(Work to be completed)
Please restate, word for word, the lines below that begin at the one with "राष्ट्रपति द्रौपदी मुर्मू, मुख्यमंत्री" and end at the one with "종자가 튀어 나가고 빈 열매껍질만이 남아 있다.". Leave out all other lines.

(Supplied records)
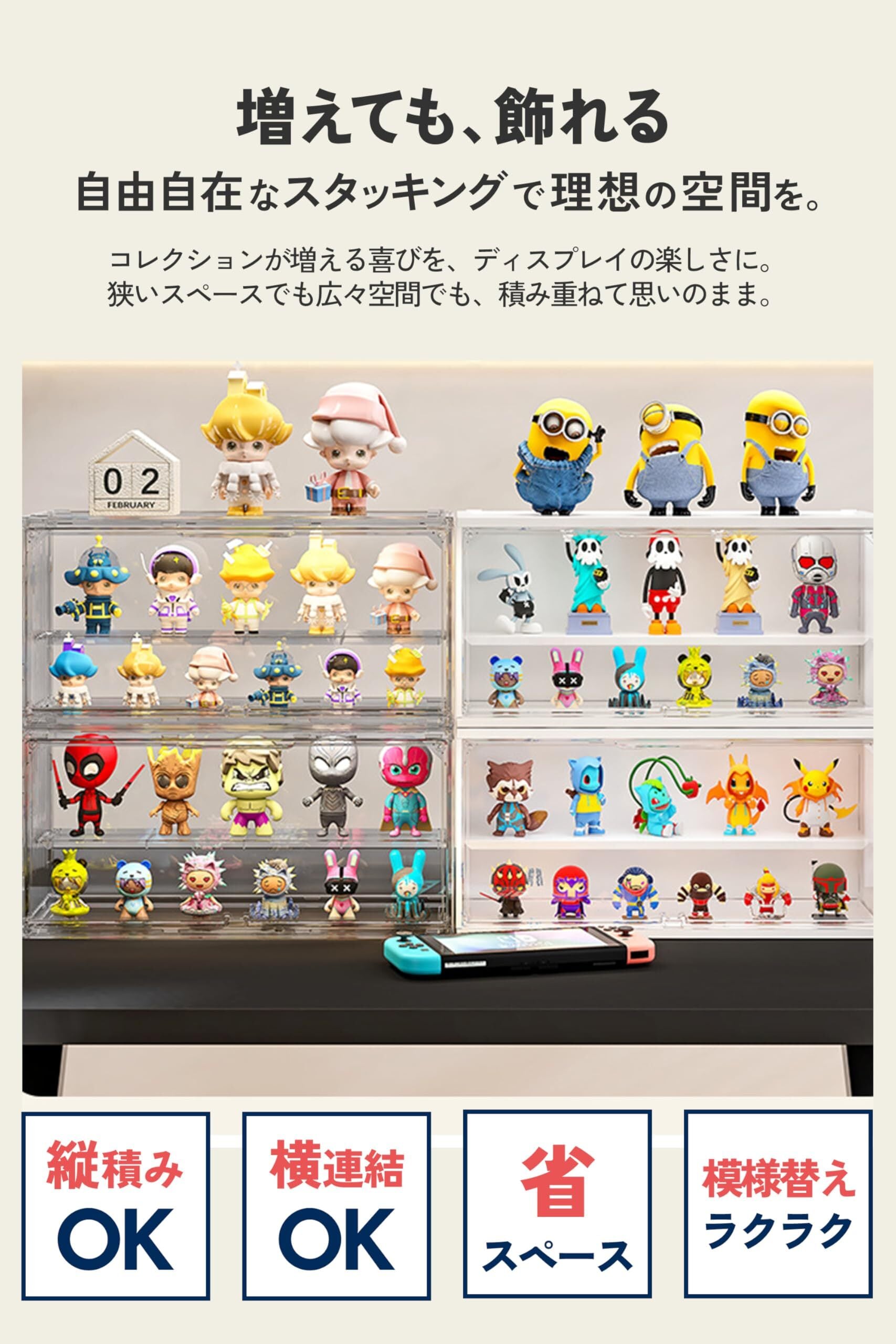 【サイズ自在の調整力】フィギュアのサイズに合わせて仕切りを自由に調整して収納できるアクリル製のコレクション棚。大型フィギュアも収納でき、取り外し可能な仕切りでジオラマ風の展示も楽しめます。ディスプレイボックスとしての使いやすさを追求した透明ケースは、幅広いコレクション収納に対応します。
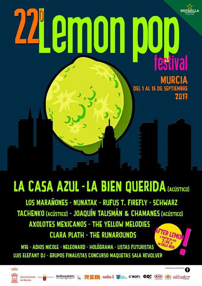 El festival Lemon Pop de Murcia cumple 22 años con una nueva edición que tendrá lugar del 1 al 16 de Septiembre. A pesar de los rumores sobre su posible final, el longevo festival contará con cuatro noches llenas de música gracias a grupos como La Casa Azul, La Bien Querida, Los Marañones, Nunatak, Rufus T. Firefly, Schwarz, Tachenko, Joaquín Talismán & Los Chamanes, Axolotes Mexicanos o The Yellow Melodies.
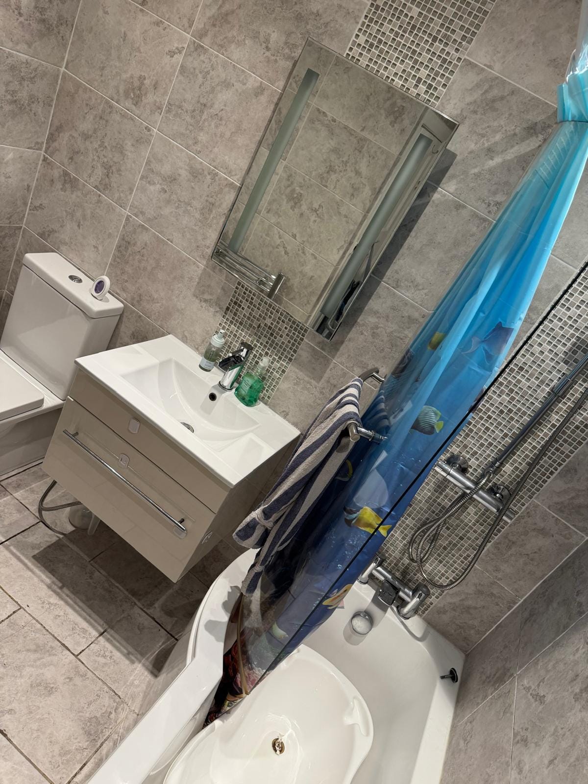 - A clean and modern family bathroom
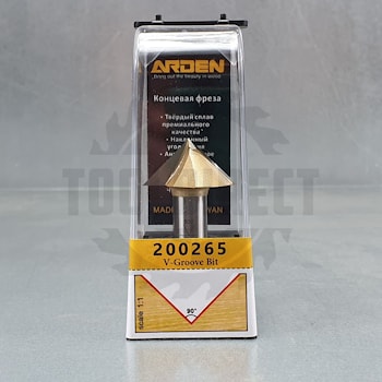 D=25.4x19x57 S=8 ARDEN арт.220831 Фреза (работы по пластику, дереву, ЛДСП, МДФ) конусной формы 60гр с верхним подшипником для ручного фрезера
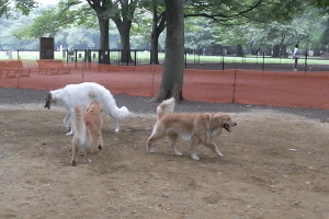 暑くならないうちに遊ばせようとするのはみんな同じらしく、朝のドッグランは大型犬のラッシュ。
* * *
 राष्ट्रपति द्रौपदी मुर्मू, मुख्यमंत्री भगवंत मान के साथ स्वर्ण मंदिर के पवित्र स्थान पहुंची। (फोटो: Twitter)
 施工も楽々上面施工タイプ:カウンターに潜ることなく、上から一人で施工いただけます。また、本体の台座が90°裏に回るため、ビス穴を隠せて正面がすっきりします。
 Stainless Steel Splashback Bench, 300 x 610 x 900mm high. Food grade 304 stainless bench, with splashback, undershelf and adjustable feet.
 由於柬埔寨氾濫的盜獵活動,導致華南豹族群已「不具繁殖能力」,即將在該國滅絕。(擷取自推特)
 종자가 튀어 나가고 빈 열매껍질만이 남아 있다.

(Solution to this exercise)
 राष्ट्रपति द्रौपदी मुर्मू, मुख्यमंत्री भगवंत मान के साथ स्वर्ण मंदिर के पवित्र स्थान पहुंची। (फोटो: Twitter)
 施工も楽々上面施工タイプ:カウンターに潜ることなく、上から一人で施工いただけます。また、本体の台座が90°裏に回るため、ビス穴を隠せて正面がすっきりします。
 Stainless Steel Splashback Bench, 300 x 610 x 900mm high. Food grade 304 stainless bench, with splashback, undershelf and adjustable feet.
 由於柬埔寨氾濫的盜獵活動,導致華南豹族群已「不具繁殖能力」,即將在該國滅絕。(擷取自推特)
 종자가 튀어 나가고 빈 열매껍질만이 남아 있다.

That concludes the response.